Votes taken by j.darkblue

  1. .
    A volte salgo fin quassù per sbirciare fra gli scaffali pieni di polvere... E' un posticino tranquillo in cui i ricordi rispuntano fuori improvvisamente.
  2. .
    Racconto che avevo già postato altrove, ma che ripropongo per il contest in una versione ampliata e modificata qua e là


    - Ti sembra un comportamento giusto, il tuo? - chiese Simone rimanendo in piedi sulle gambe divaricate, ma in un precario equilibrio, incurante del fatto che, senza un baricentro stabile, sarebbe potuto cadere da un momento all'altro.
    Le dita della mano destra erano piegate ad artiglio a causa di un tic nervoso al quale egli non poneva più attenzione dal giorno in cui le peculiarità fisiche di qualunque essere umano, comprese le proprie, avevano smesso di apparirgli interessanti.
    Silvia non gli rispose. Non emise un suono, non accennò un gesto. Sebbene lo ascoltasse (giacché la scarsa distanza fra i loro corpi rendeva impossibile arrestare il propagarsi del suono prima che esso penetrasse i suoi timpani), sembrava che lì, nella stanza con lei, non ci fosse nessuno; che la lama di nessuna parola minacciasse di fendere il silenzio impenetrabile dentro cui si era accoccolata.

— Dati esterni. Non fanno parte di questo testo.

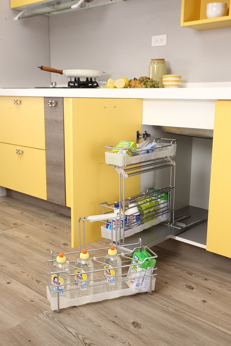 總是讓人煩惱該放哪的清潔道具,水槽下方專用的清潔拉籃,搭配全展式滑軌靜音緩衝裝置,再加上附把手設計的提籃,可任意提取移動洗劑與菜瓜布,暫放檯面上待用完後再放回,讓媽媽主婦們大呼方便!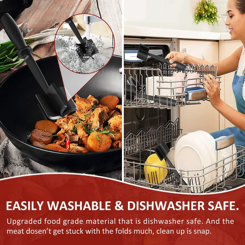 • 👩‍🍳MULTIFUNCTION:This ground beef masher is a mix and chop kitchen tool. With meat separator tool, it not only will be pretty easy to chop all kinds of meat for fast cooking, but also ideal for mixing and mashing other food types like gelatins, fruits and vegetables etc. It’s a good gift for family on Mother's Day.
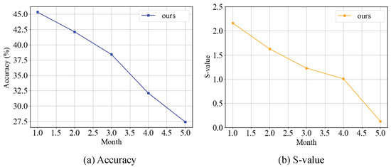 The effect of different sample sizes on the S-value and accuracy. Deep models achieve optimal performance when the training set size reaches 6–7 months. The left subfigure shows the performance curve of accuracy, and the right subfigure shows the performance curve of the S-value.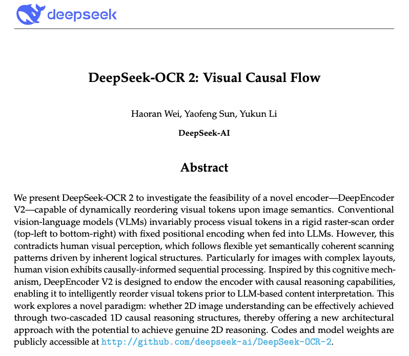 1月27日消息,深度求索(DeepSeek)团队发布了论文《DeepSeek-OCR 2: Visual Causal Flow》并开源了同名模型DeepSeek-OCR 2。这一模型是对去年10月20日发布的DeepSeek-OCR模型的升级。

    Non tentò neppure un moto di protesta circa l'intromissione dell' “estraneo” dentro il proprio spazio vitale: una bolla trasparente ricca di ossigeno, di cui si nutriva con morsi famelici. Normalmente niente e nessuno avrebbe potuto distoglierla dal torpore emozionale in cui amava muoversi come un'ombra senza forma.

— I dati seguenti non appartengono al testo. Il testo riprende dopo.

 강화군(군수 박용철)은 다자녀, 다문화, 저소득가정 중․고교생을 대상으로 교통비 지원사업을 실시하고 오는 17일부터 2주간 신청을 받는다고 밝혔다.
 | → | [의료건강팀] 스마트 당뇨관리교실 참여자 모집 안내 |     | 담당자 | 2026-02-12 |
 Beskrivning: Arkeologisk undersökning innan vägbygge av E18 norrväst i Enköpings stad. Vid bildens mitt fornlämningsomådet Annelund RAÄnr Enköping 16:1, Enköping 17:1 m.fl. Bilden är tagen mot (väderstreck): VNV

    - Posso sperare in un po' di comprensione? in un po' di disprezzo? - insistette l'uomo provocatoriamente, tentando di strapparla a forza dal luogo di clausura interiore dove si rifugiava, ormai, per periodi sempre più lunghi e a intervalli sempre più esigui. - Ti degneresti di rispondermi, almeno? - sbottò, suo malgrado, mentre stava ancora tentando di dominare, in ogni modo, l'onda rabbiosa che sentiva gonfiarsi nel petto con l'irruenza di uno tsunami devastatore.
    Silvia, per alcuni secondi, spinse il proprio sguardo neutro sugli occhi di lui.
    La curiosità di constatare da quale umore fossero attraversati adesso gli specchi neri di un' anima così possessiva, bramosa di risposte, l'affascinò al punto da farla uscire fuori dall' isolamento.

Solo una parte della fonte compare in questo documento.